前面的章节只对m模式下的中断和异常做了最简单的处理,也就是打印表明确实产生了中断,本章节我们来继续完善“machine_trap”处理函数,如下所示。

#include "uart.h"
#include "clint.h"
#include "csr.h"

#define S_SOFT_INT      (1)
#define M_SOFT_INT      (3)
#define S_TIMER_INT     (5)
#define M_TIMER_INT     (7)
#define S_EXT_INT       (9)
#define M_EXT_INT       (11)

#define INSTRUCTION_ADDR_MISALIGNED     (0)
#define INSTRUCTION_ACCESS_FAULT        (1)
#define ILLEGAL_INSTRUCTION             (2)
#define BREAK_POINT                     (3)
#define LOAD_ADDR_MISALIGNED            (4)
#define LOAD_ACCESS_FAULT               (5)
#define STORE_ADDR_MISALIGNED           (6)
#define STORE_ACCESS_FAULT              (7)
#define ECALL_FROM_UMODE                (8)
#define ECALL_FROM_SMODE                (9)
#define ECALL_FROM_MMODE                (11)
#define INSTRUCTION_PAGE_FAULT          (12)
#define LOAD_PAGE_FAULT                 (13)
#define STORE_PAGE_FAULT                (15)

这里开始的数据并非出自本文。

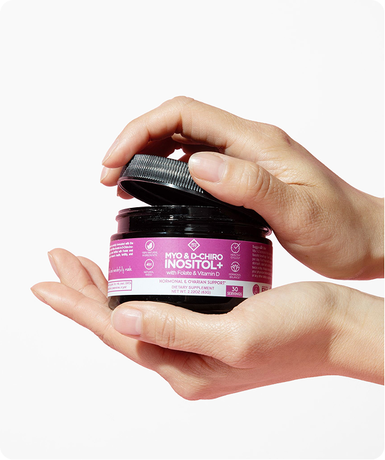 Inositol+ is a clinically studied formula designed to promote menstrual regularity, emotional well-being and overall hormonal health. It features the same balance of Myo-Inositol to D-Chiro Inositol found in healthy ovaries. We also added Folate and Vitamin D to support reproductive wellness, mood and cellular function.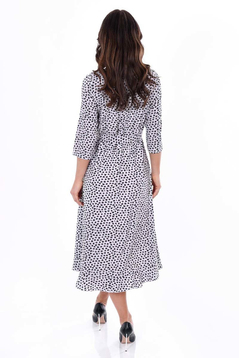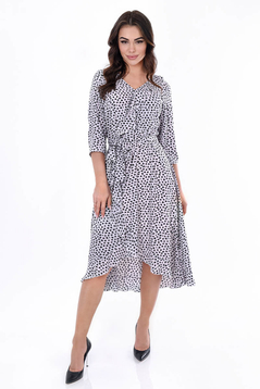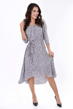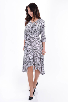 Sukienka jest uszyta z delikatnej tkaniny przez co ładnie układa się na figurze i nie krępuje ruchów.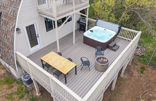 - Main deck w/ Hot Tub, Fire pit, outdoor dining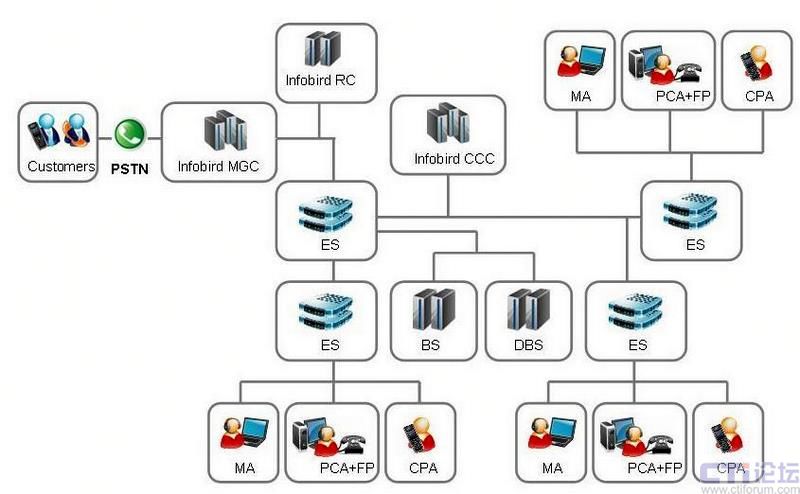 訊鳥于2007年初開始建設(shè)“啟通寶”呼叫中心平臺。該平臺的主體架構(gòu)由控制中心和媒體網(wǎng)關(guān)組成,其中在北京建設(shè)的控制中心類似于系統(tǒng)的“主大腦”,在上海、廣州等其他核心城市建設(shè)第二級的控制中心,類似于系統(tǒng)的“從大腦”?刂浦行牡墓δ苁枪芾砗涂刂,與企業(yè)客戶相連接。媒體網(wǎng)關(guān)類似于系統(tǒng)的“手腳”,其功能是采取行動,進行PSTN和IP網(wǎng)語音的轉(zhuǎn)換等處理。另外,各控制中心負(fù)責(zé)所屬區(qū)域的業(yè)務(wù),同時互為備份。比如,北京的控制中心平時負(fù)責(zé)華北的業(yè)務(wù),上海負(fù)責(zé)華東的業(yè)務(wù),深圳負(fù)責(zé)華南的業(yè)務(wù),一旦某一分中心發(fā)生故障或呼叫量超過額定處理能力時,異地分中心便能接管或分擔(dān)該分中心的業(yè)務(wù)。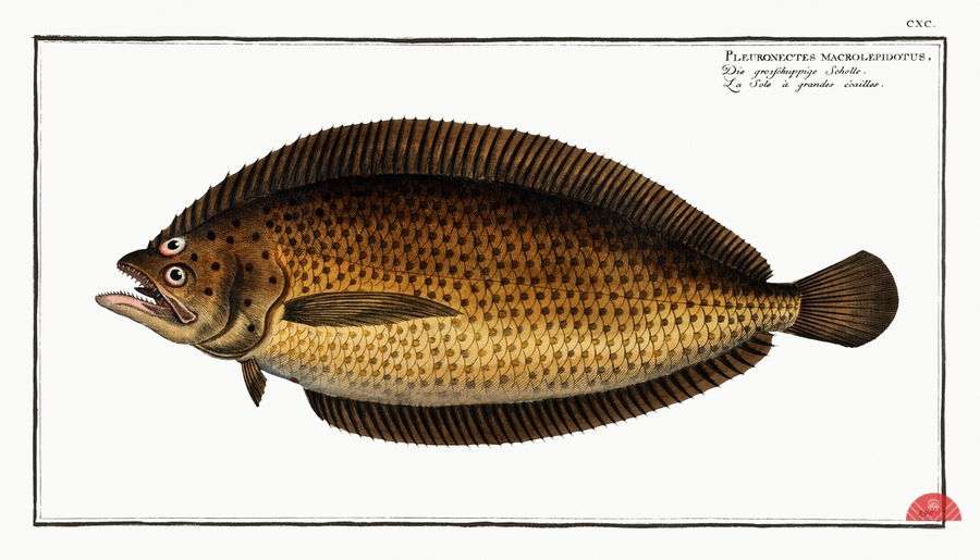Pleuronectes macrolepidotus from Ichtylogie ou Histoire naturelle: génerale et particuliére des poissons 1785-1797 by Marcus Eliser 1723-1799

static char *interrupt_cause[] = {
    "Reserved",
    "Supervisor software interrupt",
    "Reserved",
    "Machine software interrupt",
    "Reserved",
    "Supervisor timer interrupt",
    "Reserved",
    "Machine timer interrupt",
    "Reserved",
    "Supervisor external interrupt",
    "Reserved",
    "Machine external interrupt",
    "Reserved",
    "Reserved",
    "Reserved",
    "Reserved"
};

static char *exception_cause[] = {
    "Instruction address misaligned",
    "Instruction access fault",
    "Illegal instruction",
    "Breakpoint",
    "Load address misaligned",
    "Load access fault",
    "Store/AMO address misaligned",
    "Store/AMO access fault",
    "Environment call from U-mode",
    "Environment call from S-mode",
    "Reserved",
    "Environment call from M-mode",
    "Instruction page fault",
    "Load page fault",
    "Reserved",
    "Store/AMO page fault"
};

// interrupts and exceptions from kernel code go here via machine_trap_entry.
void machine_trap(void)
{ 
    unsigned long cause = mcause_get();
    unsigned long mepc  = mepc_get();
    unsigned long tval  = mtval_get();

    int is_int = (cause & (1l << 63l)) ? 1 : 0;
    int mcode = cause & 0xff;

    if (mcode >= 16) {
        printf("%s : %s.\r\n", is_int ? "Interrupt" : "Exception", "Unknown code");
        return;
    }

    if (is_int) {
        printf("Interrupt : %s.\r\n", interrupt_cause[mcode]); 
        switch (mcode) {
        case M_SOFT_INT:
            msoftint_clear();
            break;
        case M_TIMER_INT:
            break;
        }
    } else {
        printf("Exception : %s.\r\n", exception_cause[mcode]); 
        switch (mcode) {
        case ILLEGAL_INSTRUCTION:
            printf("tval = %p\r\n", tval);
            printf("mepc = %p\r\n", mepc);
            break;
        case ECALL_FROM_SMODE:
            break;
        }

        mepc_set(mepc + 4);
    }

    return;
}
  • mcause寄存器可以表明当前是产生了中断还是异常,并且可以给出具体的中断和异常类型。根据这些信息,通过“interrupt_cause”和“exception_cause”这两个字符串数组就可以给出具体的中断和异常原因字符打印信息。
  • 中断处理目前我们只处理核间中断和定时器中断。核间中断处理也就是简单的取消核间中断,定时器中断处理在下一章节进行设置,这里只留了个空位。
  • 异常处理目前我们也只关注非法指令异常和s模式调用ecall这两个异常。因为之前调试时经常发生设置不正确导致程序跑飞,调到未知未知执行代码,导致指令非法,所以在异常处理中将mepc和mtval值打印出来来判断在哪里飞了。而s模式ecall指令异常则是为后面的s模式定时器中断设置和处理准备的,后面会讲解,这里同样只是预留空位。
  • 需要注意的是,异常返回时需要将mepc手动调整,不然返回后还是执行的产生异常的指令,就会一直进入异常处理。当然在实际的软件比如操作系统中,像缺页中断这种异常的确是需要再次回到产生异常的那条指令指令再次执行,就不需要调整epc了,但是在本裸机系列测试中,我们不考虑缺页中断,异常处理都需要手动调整。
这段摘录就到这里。